A LOT of folks on the mod_gzip forum caught the whole discussion
at Apache and started asking us 'Is that 'other candidate really
mod_gzip for 2.0 or is it 'something else' and our response was
always 'We do not know for sure... ask them'.

And (FYI) a few people came to Apache and DID ask 'What is
the staus of mod_gzip version 2.0?' and no one even ack'ed
their messages so we assumed it wasn't even being considered.
  
>  jwoolley01/09/15 12:18:59
>  
>Modified:.STATUS
>Log:
>A chilly day in Charlottesville...
>
>Revision  ChangesPath
>1.294 +3 -2  httpd-2.0/STATUS
>  [snip]
>@@ -117,7 +117,8 @@
>   and in-your-face.)  This proposed change would not depricate 
Alias.
> 
> * add mod_gz to httpd-2.0 (in modules/experimental/)
>-  +1: Greg, Justin, Cliff, ben, Ken, Jeff
>+  +1: Greg, Justin, ben, Ken, Jeff
>+   0: Cliff (there's now another candidate to be evaluated)
>0: Jim (premature decision at present, IMO)
>   -0: Doug, Ryan
>   
>  Kevin... I believe I've generally treated you civilly... Read the end of my
>  previous response above.  A good number of non-combatants to these 'gzip 
> wars'
>  are really disgusted with the language and attitude on list.  Much of that
>  has turned on your comments and hostility.

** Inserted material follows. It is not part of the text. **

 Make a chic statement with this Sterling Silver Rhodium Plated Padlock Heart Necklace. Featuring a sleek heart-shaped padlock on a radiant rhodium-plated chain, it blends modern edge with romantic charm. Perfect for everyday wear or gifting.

If anyone really views a few 'heated exchanges' on a public forum over
some specific technology issues as a 'war' then I'm sorry but I still won't 
apologize for being passionate about something and willing to argue/defend it.

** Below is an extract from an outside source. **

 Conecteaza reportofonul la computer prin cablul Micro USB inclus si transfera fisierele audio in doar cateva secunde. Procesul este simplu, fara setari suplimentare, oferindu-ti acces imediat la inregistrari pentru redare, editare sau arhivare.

Email is a strange medium. Some people take it way too seriously, methinks.

>  In accepting a contribution, the submitter is generally expected to support
>  the submission, ongoing.  

Okay... mind blown... that is the exact OPPOSITE of the argument
that I beleive even YOU were making during the 'Please why won't
you submit mod_gzip for 2.0 before we go BETA' exchanges. One
of the arguments I made ( Capital I for emphasis ) was that if I
was going to 'support' it I wanted to see at least one good beta
of Apache 2.0 before the submission was made. Strings of arguments
came right back saying "That should NOT be your concern... if you
submit mod_gzip for Apache 2.0 then WE will support it, not YOU".

Seriously... check the threads if you have time... that fact that Apache
would NOT be relying on us to support it was one of the 'arm twisting'
arguments that was made to try and get us to submit the code BEFORE
Beta so that Ian's mod_gz wouldn't be the 'only choice'.